Pınar Hanım,Hatice,Yasemin Öğretmen,Esra )
(Pınar Hanım misafir odasında kitap okurken Hatice Hanım da antika koltukların tozunu almaktadır.)
Pınar Hanım:Kızım biraz yavaş!Çizdireceksin canım koltukları.
Hatice:Aşk olsun hanımım.Çizer miyim hiç.(içinden)Sen kafayı çizdirmişsin,koltukların çizilse ne olur?
(Hatice,Pınar Hanım’ın okuduğu kitabı merak etmekte ve sürekli onun dikkatini dağıtmaktadır.)
Pınar Hanım:Kızım,dikkatimi dağıtıyorsun,işinle ilgilensene!
Hatice:Hemen kızma be hanımım.Ben okuduğunuz kitabı merak ettim.Kapağı ilgimi çekti de.
Pınar Hanım:Ne güzel,sen demek kitap okumayı seviyorsun.Kitaplara meraklı hizmetçiyi ilk defa görüyorum.Bu konuda senin adına çok sevindim.Kütüphanemden istediğin kitabı istediğin zaman alabilirsin.
Hatice:Ama benim okuma yazmam yok ki.
Pınar Hanım:Madem okuma yazman yok.Deminden beri ne diye bakıp duruyorsun kitaba?
Hatice:Kapağındaki dana resmi dikkatimi çekti o yüzden bakıyorum.Ben çocukken çok güzel dana resmi çizerdim de.Bunun kulakları tavşan kulağı gibi olmuş.Tavşan demişken sana tavşan kanı bir çay yapayım mı hanımım?
Pınar Hanım:İstemem,kalsın!Sen boş ver çayı,gel otur karşıma şöyle.
Hatice:Hayırdır hanımım.Sen ve ben karşılıklı oturacağız.İki candan dost,yoldaş gibi öyle mi?
Pınar Hanım:Bırak gevezeliği de otur hadi!Sen neden bu yaşa kadar okuma yazma öğrenmedin?
Hatice: Öğrenmek istemez miyim hiç?Bizim köyde öyle kız kısmını okutmazlar.

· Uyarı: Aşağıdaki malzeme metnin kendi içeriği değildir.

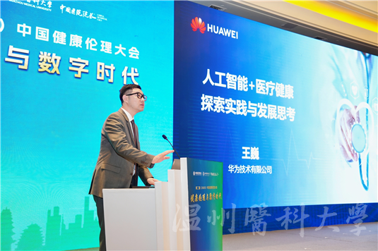 中华医学会医学伦理学分会主任委员、广东省医学伦理学研究中心主任刘俊荣,中国政法大学比较法学院院长、“长江学者”特聘教授解志勇,中国人口与健康出版社党委书记、社长李坚高,温州医科大学党委委员、副校长兼附属第一医院党委书记沈贤,华为技术有限公司战略研究院医疗健康产业发展专家王巍作主旨报告。
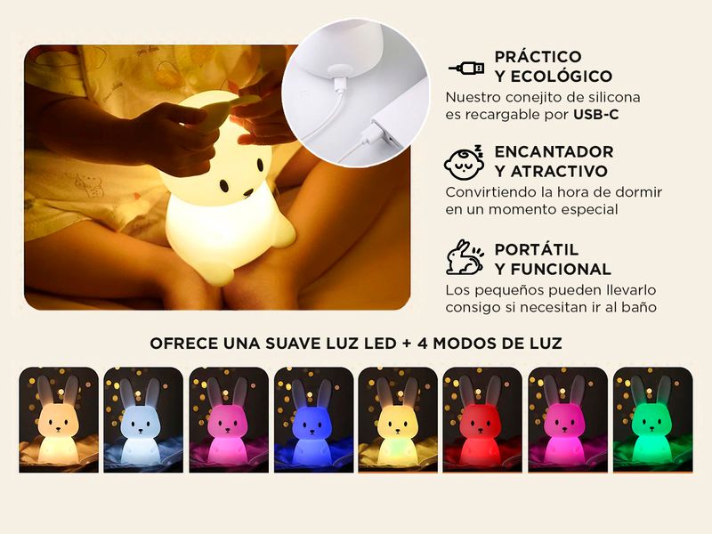 Nuestro conejito de silicona es recargable por USB-C, lo que lo hace práctico y ecológico. Ofrece una suave luz LED que es segura para los niños y ayuda a calmarlos en la oscuridad.
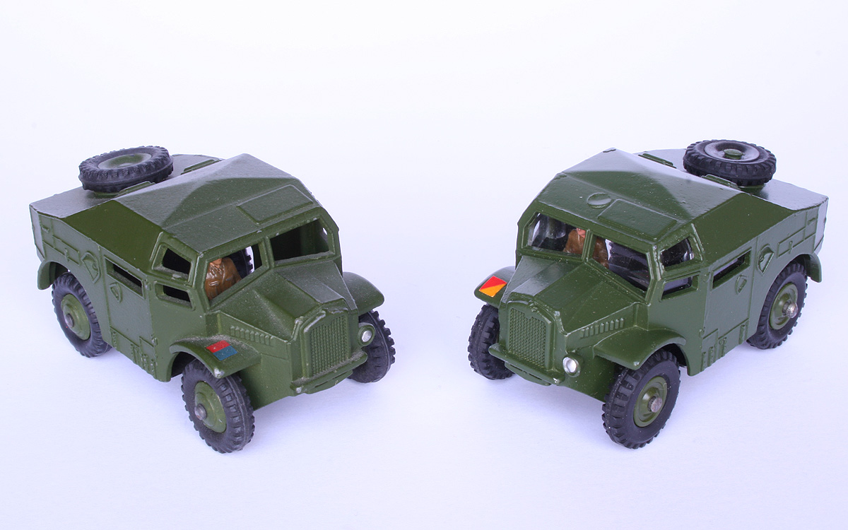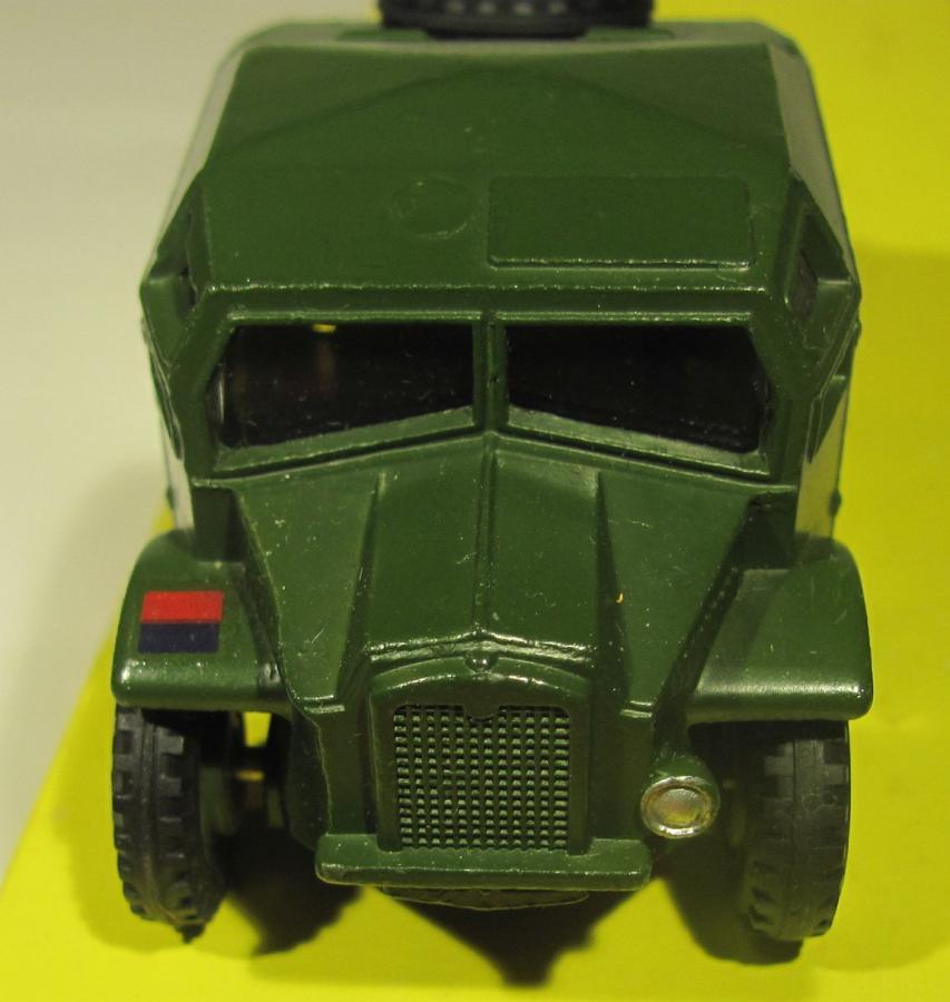 Two examples of mine, the early one and a very late one, showing that as soon as plastic windows were applied the casting apparently had to be adjusted in such a way that a small round 'scar' appeared on the roof just above the driver. The late example also shows that the red/yellow insignia (a sticker now instead of the familiar red/blue transfer) cannot be a factory error but a structural feature, apparently saving cost by giving all surviving military models the same sticker. I presume, David, that's why you put 'factory error' between apostrophes. There is also an intermediary one in my collection - plastic hubs, plastic windows - that still shows the previous red/blue transfer - and also the round casting scar on the roof. Both later ones with satin/mattish base plates. Kind regards, Jan
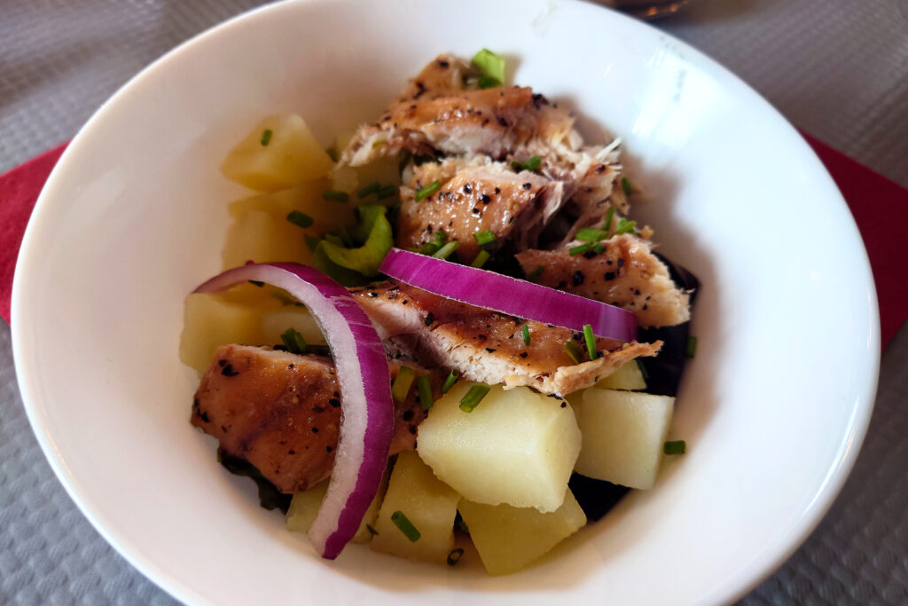 出てきたのは、この鯖とジャガイモのサラダ的な何かとショートパスタのボロネーゼに、パンナコッタ(*’▽’)
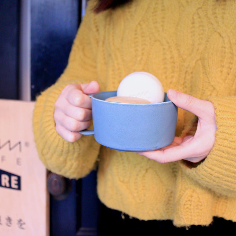 岐阜県土岐市で窯を焼き約100年の、美濃焼の工房で作られたスープカップです。MAM SOUPやMAM OSUIMONO、MISO SOUPを入れたり、具材たっぷりのけんちん汁、牛乳たっぷり入れたコーヒーなど。370MLサイズなのでたっぷり飲めます。
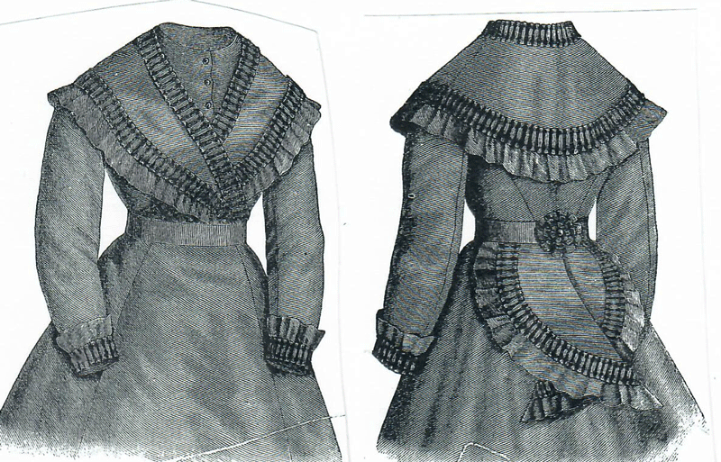 waist is of dark blue serge, and is completed by a fichu and peplum of the

Pınar Hanım:Ne kadar cahilce bir davranış.Ben sana okuma yazmayı öğretirdim ama.Biliyorsun her günüm dolu.
Hatice:Bilmez miyim hanımım.Pazartesi apartmandakilerle altın gününüz.Salı dernekten arkadaşlarınızla mantı gününüz.Çarşamba anasınıfından arkadaşlarınızla mantar çorbası gününüz.Perşembe günleri…
Pınar Hanım:Kes artık,Hatice Hanım!Başıma ağrılar çıkarttın.Hiç çenen yorulmaz mı senin?
Hatice:Özür dilerim.
Pınar Hanım:Belki sana üst kattaki Yasemin Öğretmen yardımcı olabilir.Kendisi emekli müzik öğretmeni biliyorsun.
Hatice:Hani şu,Allah’ın günü kemençe çalan pırlanta dişli arkadaşınız mı?
Pınar Hanım:Kemençe değil o,keman.
Hatice:Aman ne fark eder?İkisi de gıy gıy da gıy insanın başını şişirmiyor mu?
Pınar Hanım:Sen zaten ne anlarsın sanattan?
Hatice:(boynunu büker)He ne anlarım ben sanattan.Benim için sanat,varsa yoksa şu iki bez parçasından,bir kutu deterjandan ibaret.Benim gibi fukara köylü ne bilsin sanatı manatı.
Pınar Hanım:Tamam canım,kırılma hemen.Şaka söyledim.İnsan düşünmeden böyle abuk sabuk konuşabiliyor.
Hatice:Önemli değil.(içinden)Bir daha olmasın!
(kapı çalar,gelen Yasemin Öğretmendir.)
Pınar Hanım:Hoş geldin.Biz de tam senden bahsediyorduk.
Yasemin Öğretmen:Hayırdır.
Pınar Hanım:Bizim Hatice Hanım’ın okuma yazması yokmuş.Ben de sizin yardımcı olabileceğinizi söylüyordum.
Yasemin Öğretmen:Olurum tabi canım.Kızımız yeter ki öğrenmeye istekli olsun.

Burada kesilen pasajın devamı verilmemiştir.